- [Your assignment]: Among the entries below, copy only the span from the line containing "Zlecenie dla Opiekunki/Opiekuna" through the line containing "Il benchmark di". Do so exactly, and skip the pictures.

- [Record set]:
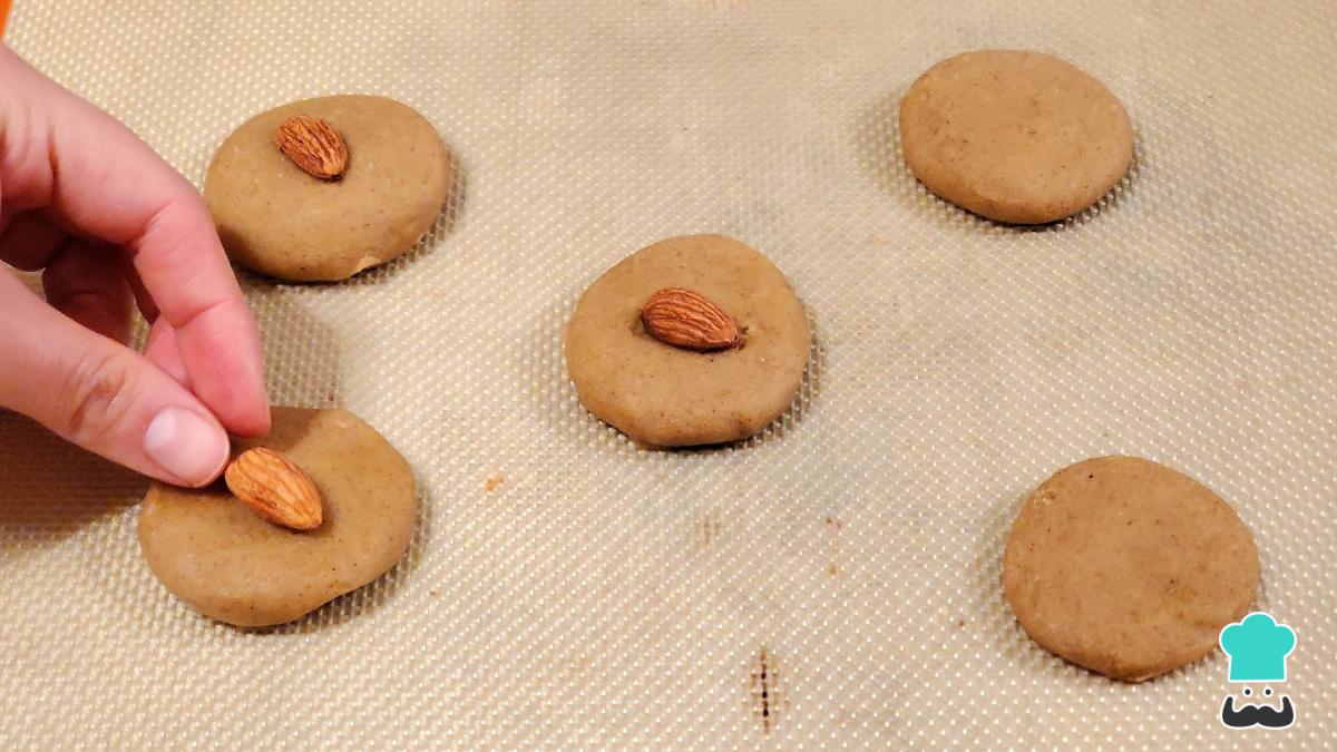 Forma cada porción con las manos, aplánala ligeramente con la palma y colócala sobre un tapete de silicona con una placa de horno debajo (o, si prefieres, sobre papel manteca). En el centro de cada galleta puedes colocar algunas almendras enteras.
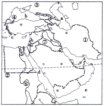 2.中东有“三洲五海之地”之称,其中“三洲”指( )。
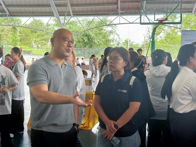 本次招聘会以“聚四方之才 共建自贸港”为愿景,为海南学子搭建起了一座扎根故土、逐梦未来的职业桥梁。我校的管理学院院长王云凤致词表达欢迎与期望,并邀请了优秀企业代表发言。这场专场招聘会不仅为三亚学院的学子们提供了丰富的就业选择,更向所有有志于参与自贸港建设的青年发出了诚挚邀约。招聘会现场,王子龙书记,曹添书记与肖琳老师一同走访了多家企业,进行亲切的交谈,两位两位书记详细询问了各企业的招聘需求、行业发展前景,以及对高校人才培养的建议。两位书记希望通过政校企三方联动,让更多海南学子扎根自贸港、建功自贸港,实现个人发展与区域建设的同频共振。
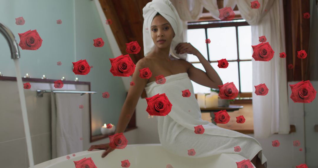 African American woman enjoying a spa experience in bathroom blending modern tranquility with a digital overlay of floating rose petals, enhancing a sense of luxury and self-care. Suitable for advertisements promoting bath products, home wellness environments, or illustrations in digital savvy lifestyles.
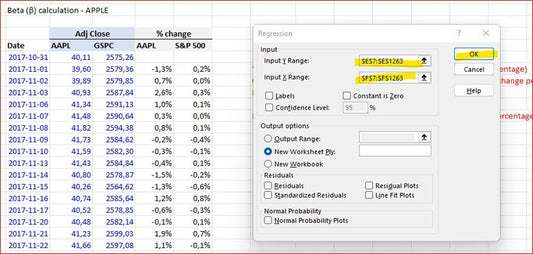 Beta calculation excel template - all 3 methods
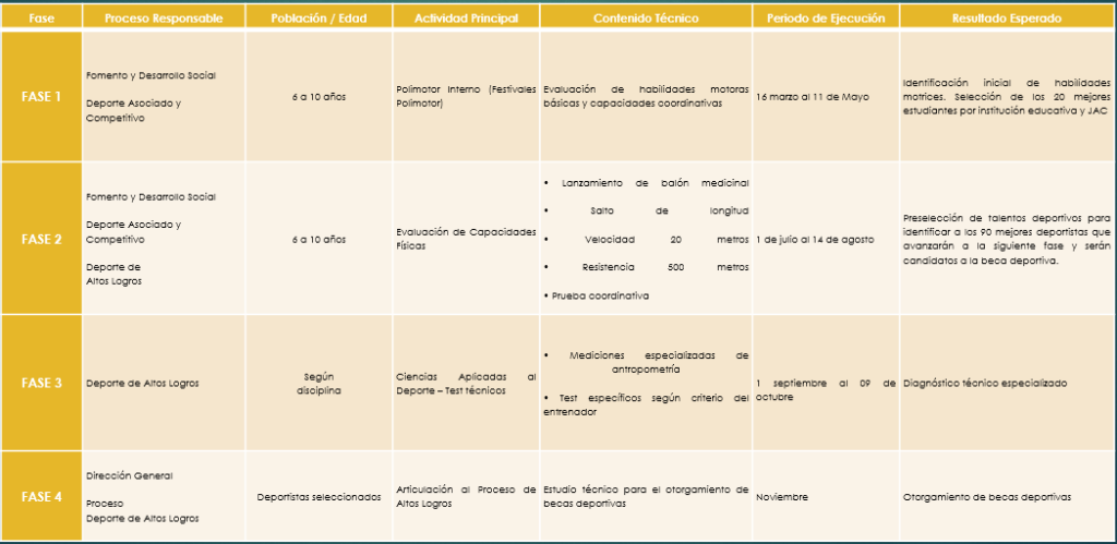 El programa tiene un alcance formativo y de proyección deportiva, dirigido a niños, niñas y jóvenes entre los 6 y 17 años, enfocado en la detección, seguimiento y proyección de talentos hacia el Deporte de Altos Logros, con participación progresiva en competencias del Sistema Nacional del Deporte.
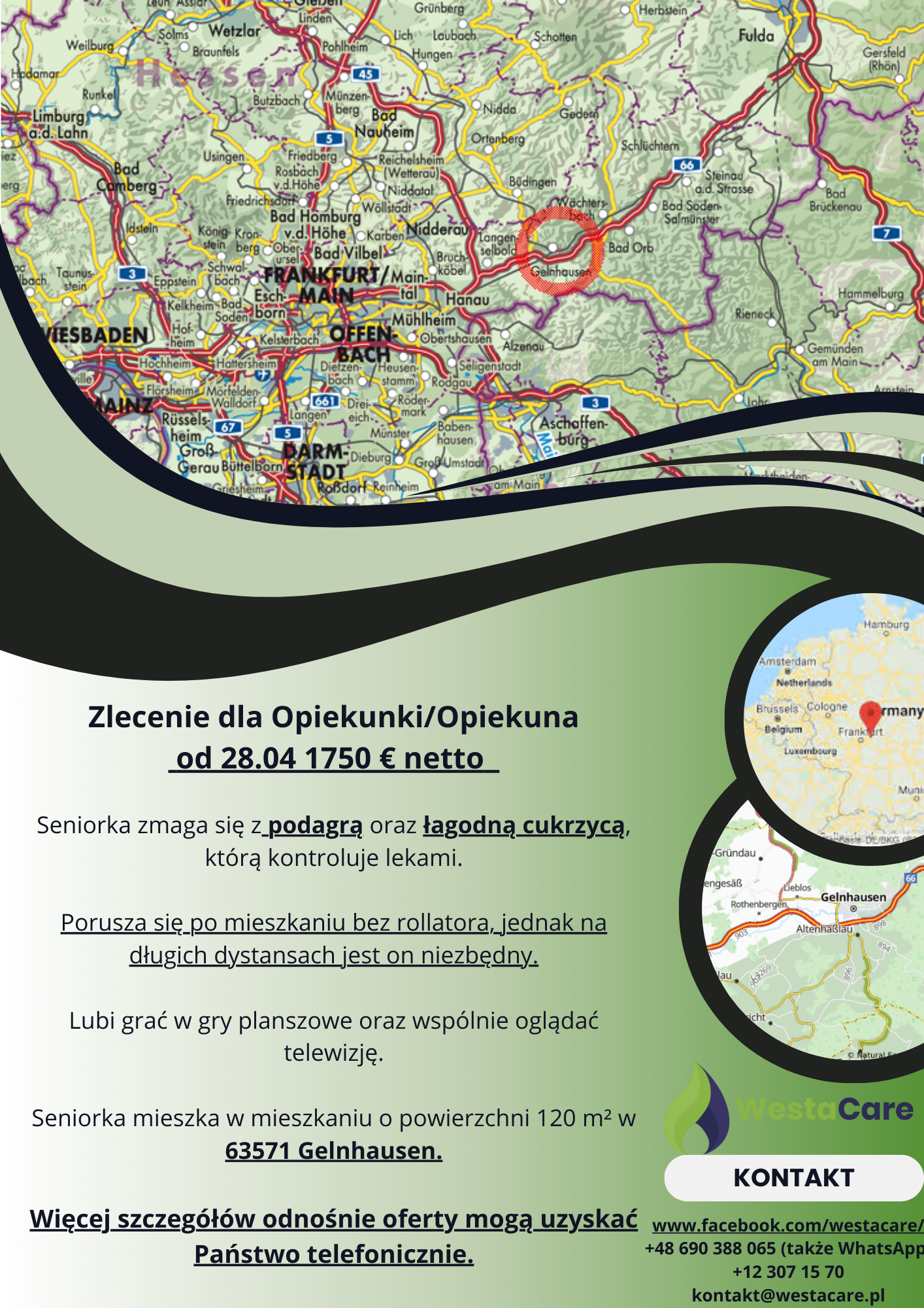 Zlecenie dla Opiekunki/Opiekuna od 28.04 1750 € netto
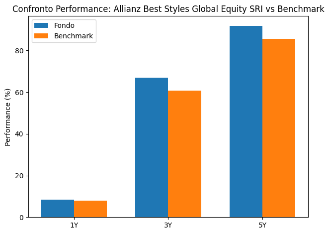 Il benchmark di riferimento è l’MSCI World Extended SRI 5% Issuer Capped Index, una versione ESG dell’indice MSCI World che applica criteri di sostenibilità e limiti di concentrazione sugli emittenti.
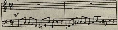 Третья часть относится, очевидно, к давно забытому жанру фантастического скерцо. Она представляет собой девяносто шесть вариаций на остинатный бас. Сделаны они с блеском и неистощимой изобретательностью настоящего мастера, хотя тема — диатонический пятитакг в натуральном миноре, — казалось бы, не дает богатых возможностей для развития:

- [Exercise response]:
 Zlecenie dla Opiekunki/Opiekuna od 28.04 1750 € netto
 Il benchmark di riferimento è l’MSCI World Extended SRI 5% Issuer Capped Index, una versione ESG dell’indice MSCI World che applica criteri di sostenibilità e limiti di concentrazione sugli emittenti.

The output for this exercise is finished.